Она очнулась уже в городе. За крепкими деревянными стенами.
Было тепло.
Горело яркое рыжеватое пламя в пасти камина, горели свечи в канделябре на столе, откуда исчезли все документы и бумаги. Лойд — смутно — видела их: останки желтых листов печально ежились в огне, и Лаур, какой-то осунувшийся, какой-то ослабевший Лаур следил за ними едва ли не с ужасом.
— Доброе утро, — тихо сказал он. — Как ты себя чувствуешь?
Хорошо — до противного, подумала девушка. До рвоты. Ничего не болит — ни нога, ни пальцы, накануне до синяков стиснувшие костыль. Ничего не болит, но внутри словно бы замерла пустыня, белая, не вполне настоящая, окруженная морем пустыня, и я словно бы сижу в ее середине, и равно слышу, как волны катятся по шершавому берегу — и осторожно, знакомо, вкрадчиво шелестит мой песок…
Подумала, но ни слова не произнесла.
Он медленно опустился на лавку у запертого окна. Он медленно опустился на лавку, где обычно коротал полуденные часы господин Кит, а Талер косился на него, сидя за документами, и криво усмехался — криво не потому, что ему это не нравилось, и не потому, что ему хотелось кого-то высмеять. Криво из-за рваной, стянутой надежными швами полосы шрама — криво, как не умел усмехаться никто, кроме Талера.
Кроме этого Талера.
Его мимика — и мимика хозяина «Asphodelus-а» — не были одинаковыми.
Все смешалось в одно — и Келетра, и покинутый, опостылевший своему Создателю Мор. Все смешалось в одно — и все-таки теперь она точно знала, что у нее было две жизни, две абсолютно разных жизни, и что первая закончилась там, на чертовом колесе. Первая закончилась там, после того, как дернулся указательный палец на прохладном теле спуска…
Она могла бы заявить, что да, у нее было две абсолютно разных жизни, и да, первая закончилась, но и там, и здесь — она любила одного и того же человека. Она искала черты капитана Хвета в мужчине, бросавшем динамит на сцену особняка господина Ивея, она искала черты капитана Хвета в мужчине, который жил в подземельях Проклятого Храма, который дважды побывал на землях Вайтера и на острове, чье имя она, Лойд, в десять лет забрала себе. Нет, не так — чье имя она, Такхи, в десять лет забрала…

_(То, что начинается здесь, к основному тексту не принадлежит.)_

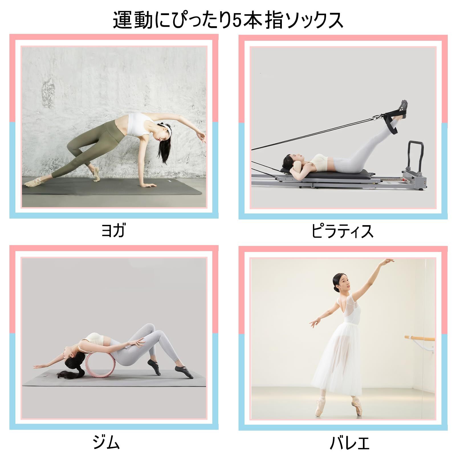 [Amzbag] ピラティス 靴下 5本指ヨガソックス 3D滑り止め ピラティス ソックス つま先あり 通気性 抗菌防臭 速乾 色あせない 汗対策 おしゃれ 室内運動 ダンス バレエ ジム用 フリーサイズ(対応22-25cm)

Она могла бы заявить, что да. И она бы не соврала, но…
…у нее банально не поворачивался язык.
Она любила обоих.
Она бесконечно, преданно, глубоко…
…любила обоих.
— Лойд, — окликнул ее Лаур. — Ты в порядке?

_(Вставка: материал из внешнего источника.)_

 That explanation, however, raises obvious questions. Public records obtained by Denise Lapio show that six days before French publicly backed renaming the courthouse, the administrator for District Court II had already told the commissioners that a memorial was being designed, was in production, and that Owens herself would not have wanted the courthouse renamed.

Она посмотрела на него — и ей стало стыдно.
Она не помнила, как замерзала в ледяном сугробе, как звучали голоса гвардейцев там, у надвое расколотого озера. Не помнила, как Лаур закрывал ее собой, не помнила ни черта — после приказа юноши, чьи глаза навеки отразили — и спрятали под веками — живое солнце.

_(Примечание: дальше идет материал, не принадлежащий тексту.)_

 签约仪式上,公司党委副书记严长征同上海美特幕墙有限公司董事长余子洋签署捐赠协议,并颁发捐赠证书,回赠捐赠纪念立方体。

«Уходи, — бросил он ей. — Уходи… скройся. И обязательно выживи…»
«Любой ценой, понимаешь? Любой ценой, прошу тебя — останься в живых…»
Она шевельнула губами. Так, что по ним легко было прочесть имя — Лаур — но ни звука не раздалось. Ни единого проклятого звука.
— Лойд? — напрягся мужчина. — Тебе дурно?
Она шевельнула губами снова.
И снова — ни единого проклятого…
— Лойд, — уже испуганно обратился к ней Лаур. — Что мне… как я… что мне надо сделать?..
Она огляделась.
Одинокий лист желтого пергамента в кожаной сумке господина Твика. Одинокий лист желтого пергамента в кожаной сумке… Талера; синеватая надпись в углу: «15 декабря». Не так уж и давно — а кажется, прошла вечность…
«Что-то не то с горлом», — написала девушка, абы как удерживая перо. В отличие от Талера, она остро ненавидела документы и пользовалась рунами настолько редко, что половину почти забыла, а другую половину так безжалостно коверкала, что мужчина лишь недоуменно вертел измятые листы в руках. — «Не бойся, это пройдет. Со мной все отлично, спасибо, не беспокойся».
Доверия в синих глазах Лаура не было ни на грош. Доверия в синих глазах Лаура — ни на грош; отвернись, умоляла его девушка. Отвернись, пожалуйста, я не в силах, я не в силах сейчас улыбаться, я не в силах никого убеждать, я не в силах давить эмоции, как давят — ногтями — блох. Я не в силах, поэтому — не смотри, не нужно, не нужно…
— Настойку бы… на травах… — рассеянно предложил он. — Погоди, я на рынок… схожу, заодно куплю чего-нибудь на обед.
Она кивнула. Сначала — она кивнула; потом, когда он дернул на себя ручку двери, она похолодела и вскочила, не успев подобрать костыль. Нога отозвалась такой болью, что комнату заволокло темнотой; а она упала с таким грохотом, что, может, глухонемой человек сумел бы не услышать — но Лаур метнулся по узкому коридору назад.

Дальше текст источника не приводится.